=== Begin Enclosure ===
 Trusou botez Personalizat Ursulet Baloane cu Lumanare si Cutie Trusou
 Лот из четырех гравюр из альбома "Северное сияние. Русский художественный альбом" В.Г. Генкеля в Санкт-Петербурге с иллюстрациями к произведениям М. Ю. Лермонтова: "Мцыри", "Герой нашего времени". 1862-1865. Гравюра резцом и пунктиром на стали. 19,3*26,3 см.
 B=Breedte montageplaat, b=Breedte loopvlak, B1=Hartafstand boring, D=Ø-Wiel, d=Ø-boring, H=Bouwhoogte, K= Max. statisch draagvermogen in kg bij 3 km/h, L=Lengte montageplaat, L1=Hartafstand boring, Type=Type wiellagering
=== End Enclosure ===
=== Begin Enclosure ===
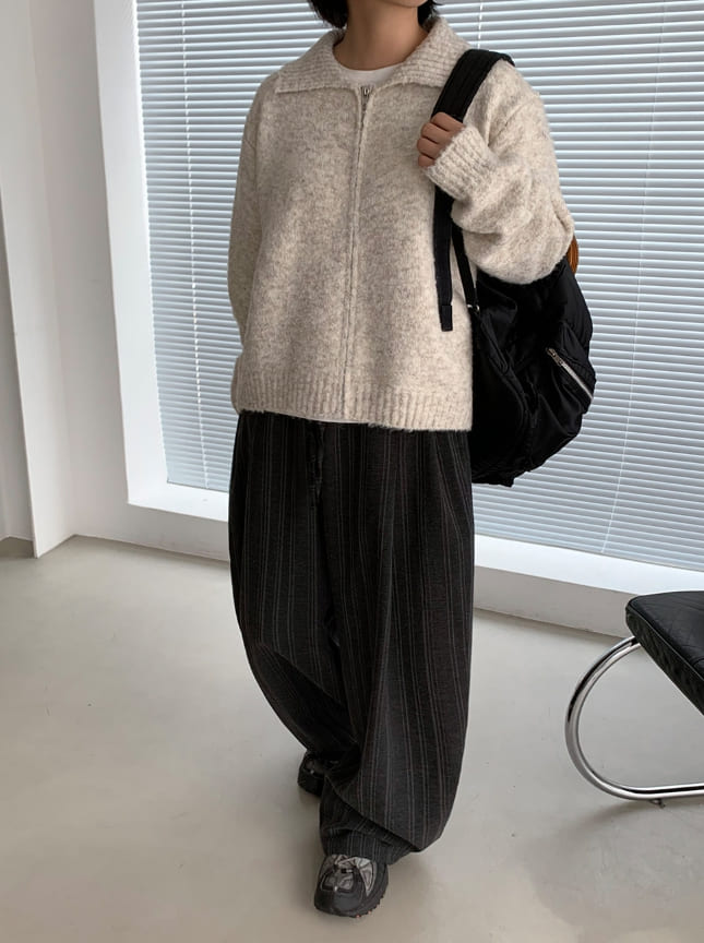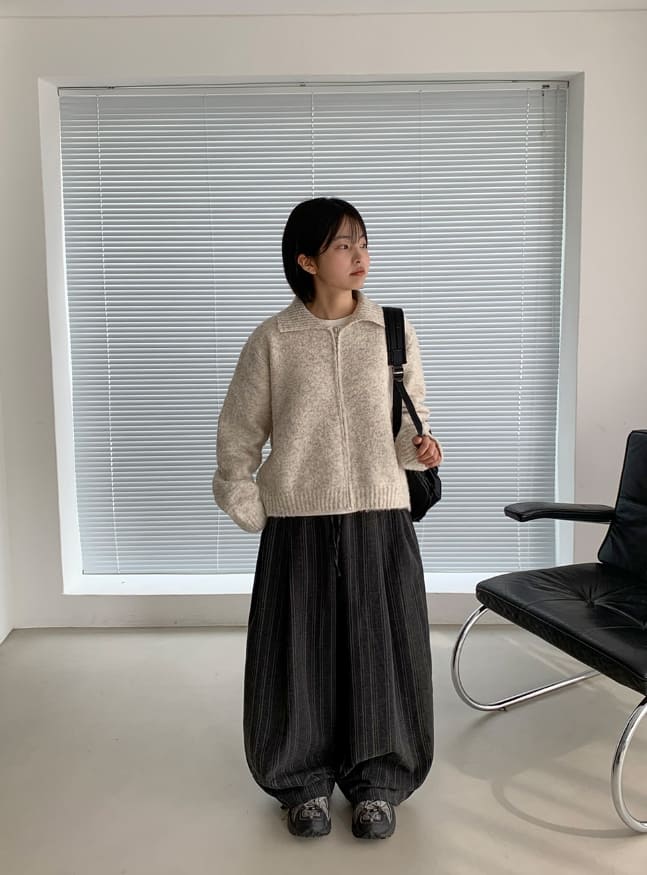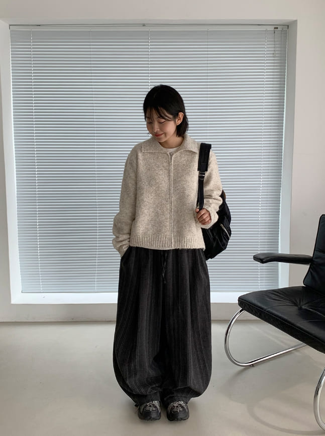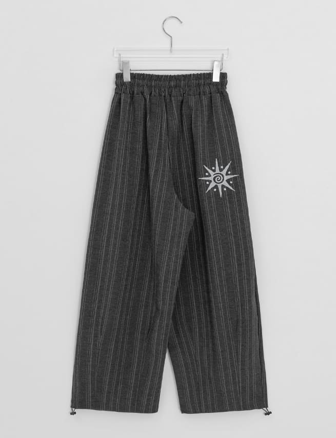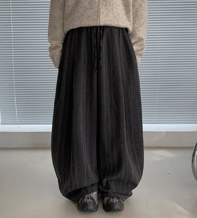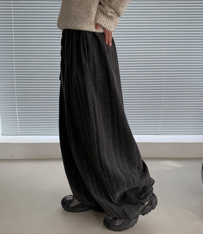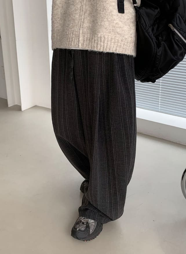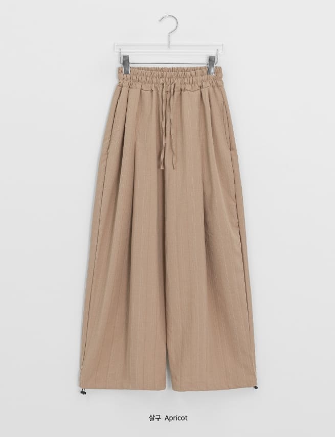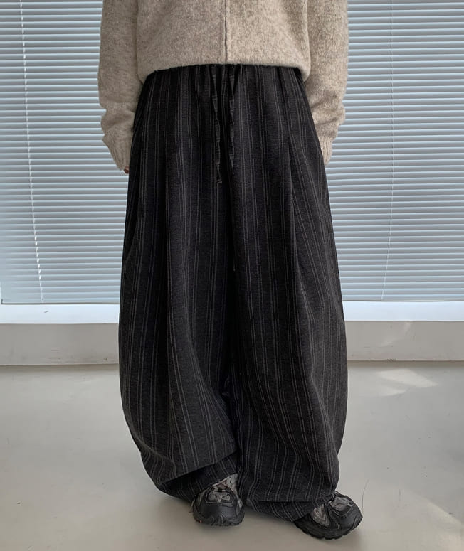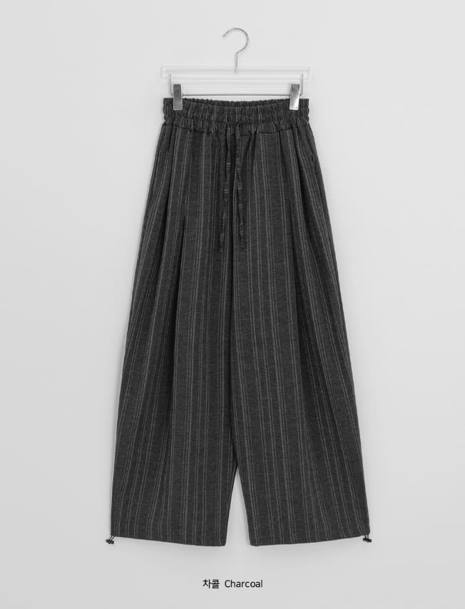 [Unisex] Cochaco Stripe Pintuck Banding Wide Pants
=== End Enclosure ===
=== Begin Enclosure ===
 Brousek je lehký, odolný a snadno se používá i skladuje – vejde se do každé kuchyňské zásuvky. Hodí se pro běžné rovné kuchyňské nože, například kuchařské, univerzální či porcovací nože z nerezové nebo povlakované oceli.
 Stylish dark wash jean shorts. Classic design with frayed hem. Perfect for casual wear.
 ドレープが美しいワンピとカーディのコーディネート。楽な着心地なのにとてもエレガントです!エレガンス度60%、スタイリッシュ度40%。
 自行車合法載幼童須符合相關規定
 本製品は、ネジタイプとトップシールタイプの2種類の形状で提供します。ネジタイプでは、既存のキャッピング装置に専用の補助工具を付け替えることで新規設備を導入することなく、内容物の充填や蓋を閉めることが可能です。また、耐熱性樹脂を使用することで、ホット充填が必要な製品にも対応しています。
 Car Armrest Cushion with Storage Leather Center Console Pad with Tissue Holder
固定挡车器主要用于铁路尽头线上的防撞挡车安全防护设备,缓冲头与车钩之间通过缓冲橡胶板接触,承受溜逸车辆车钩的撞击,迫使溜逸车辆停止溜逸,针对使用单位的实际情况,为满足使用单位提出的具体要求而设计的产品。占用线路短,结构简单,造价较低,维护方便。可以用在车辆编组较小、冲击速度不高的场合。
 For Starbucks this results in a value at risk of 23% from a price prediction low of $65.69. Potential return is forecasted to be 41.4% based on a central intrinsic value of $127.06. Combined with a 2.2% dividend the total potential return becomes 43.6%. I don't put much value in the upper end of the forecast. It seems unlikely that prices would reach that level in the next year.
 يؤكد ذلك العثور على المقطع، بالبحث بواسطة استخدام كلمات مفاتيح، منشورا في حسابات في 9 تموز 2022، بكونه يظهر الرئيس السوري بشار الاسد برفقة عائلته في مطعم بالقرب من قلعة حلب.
=== End Enclosure ===
▶ _What to do_:
Your answer should be a number only: the count of lines above in which the string "with" appears.

▶ _Response area_:
3